Repeat everything in the data exactly except images.

»»

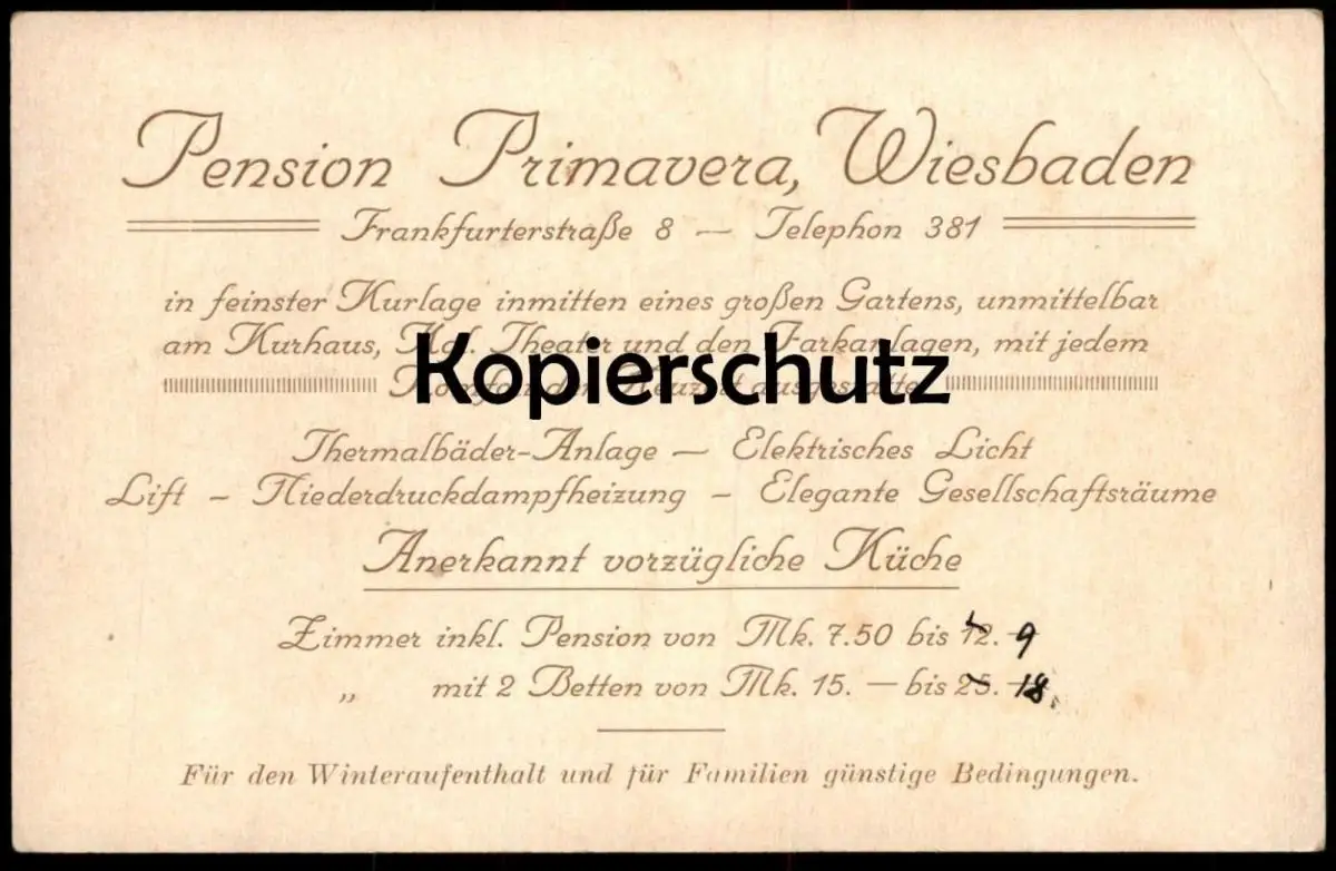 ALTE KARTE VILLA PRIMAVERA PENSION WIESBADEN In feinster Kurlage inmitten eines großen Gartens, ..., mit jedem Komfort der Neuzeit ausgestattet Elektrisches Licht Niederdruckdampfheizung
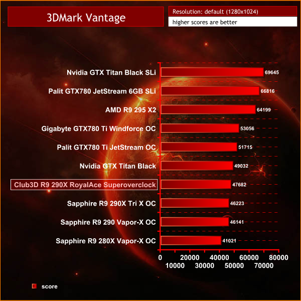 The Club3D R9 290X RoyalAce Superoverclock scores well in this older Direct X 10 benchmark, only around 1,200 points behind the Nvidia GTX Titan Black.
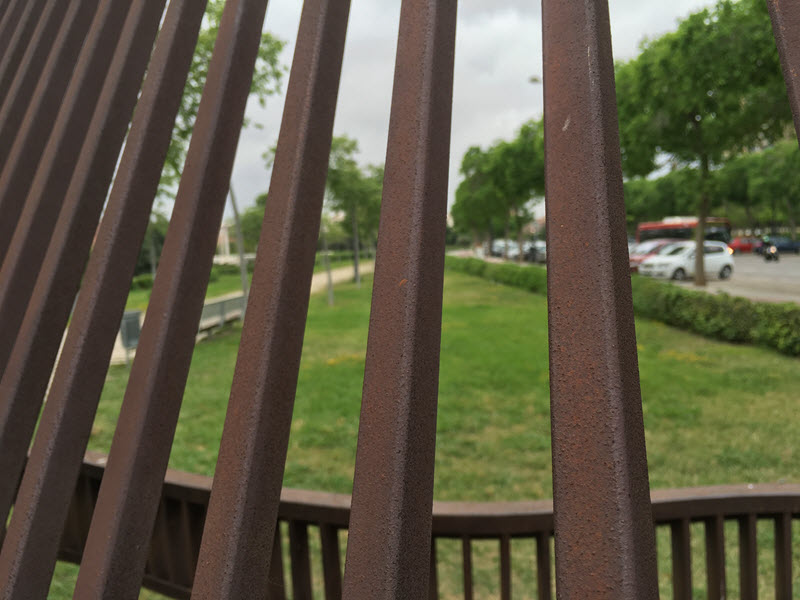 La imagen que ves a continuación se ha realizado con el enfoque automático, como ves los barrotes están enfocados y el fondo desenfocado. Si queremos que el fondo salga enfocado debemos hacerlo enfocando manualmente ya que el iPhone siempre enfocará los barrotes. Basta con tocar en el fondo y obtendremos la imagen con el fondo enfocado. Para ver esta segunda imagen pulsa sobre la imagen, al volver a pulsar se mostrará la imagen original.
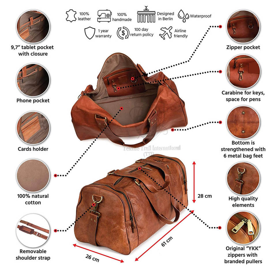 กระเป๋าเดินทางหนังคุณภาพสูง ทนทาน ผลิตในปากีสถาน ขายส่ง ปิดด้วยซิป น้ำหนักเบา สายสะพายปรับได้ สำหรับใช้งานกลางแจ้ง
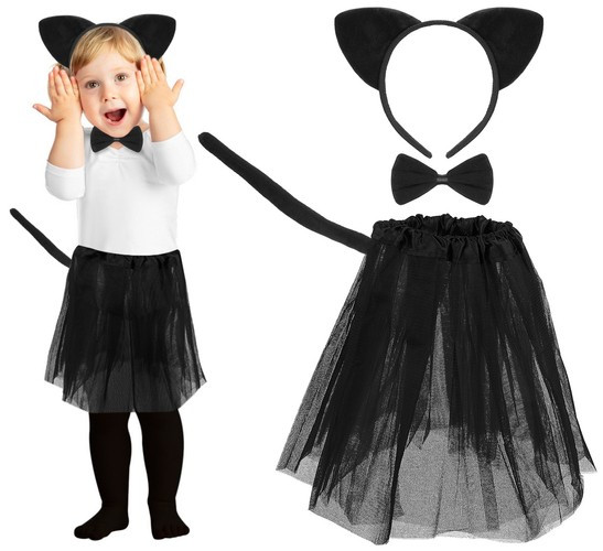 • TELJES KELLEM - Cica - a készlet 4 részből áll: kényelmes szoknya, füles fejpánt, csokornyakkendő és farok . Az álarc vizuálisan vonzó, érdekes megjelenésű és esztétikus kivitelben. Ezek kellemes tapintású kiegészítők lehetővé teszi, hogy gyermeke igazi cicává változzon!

««

### TASK OUTPUT
 ALTE KARTE VILLA PRIMAVERA PENSION WIESBADEN In feinster Kurlage inmitten eines großen Gartens, ..., mit jedem Komfort der Neuzeit ausgestattet Elektrisches Licht Niederdruckdampfheizung
 The Club3D R9 290X RoyalAce Superoverclock scores well in this older Direct X 10 benchmark, only around 1,200 points behind the Nvidia GTX Titan Black.
 La imagen que ves a continuación se ha realizado con el enfoque automático, como ves los barrotes están enfocados y el fondo desenfocado. Si queremos que el fondo salga enfocado debemos hacerlo enfocando manualmente ya que el iPhone siempre enfocará los barrotes. Basta con tocar en el fondo y obtendremos la imagen con el fondo enfocado. Para ver esta segunda imagen pulsa sobre la imagen, al volver a pulsar se mostrará la imagen original.
 กระเป๋าเดินทางหนังคุณภาพสูง ทนทาน ผลิตในปากีสถาน ขายส่ง ปิดด้วยซิป น้ำหนักเบา สายสะพายปรับได้ สำหรับใช้งานกลางแจ้ง
 • TELJES KELLEM - Cica - a készlet 4 részből áll: kényelmes szoknya, füles fejpánt, csokornyakkendő és farok . Az álarc vizuálisan vonzó, érdekes megjelenésű és esztétikus kivitelben. Ezek kellemes tapintású kiegészítők lehetővé teszi, hogy gyermeke igazi cicává változzon!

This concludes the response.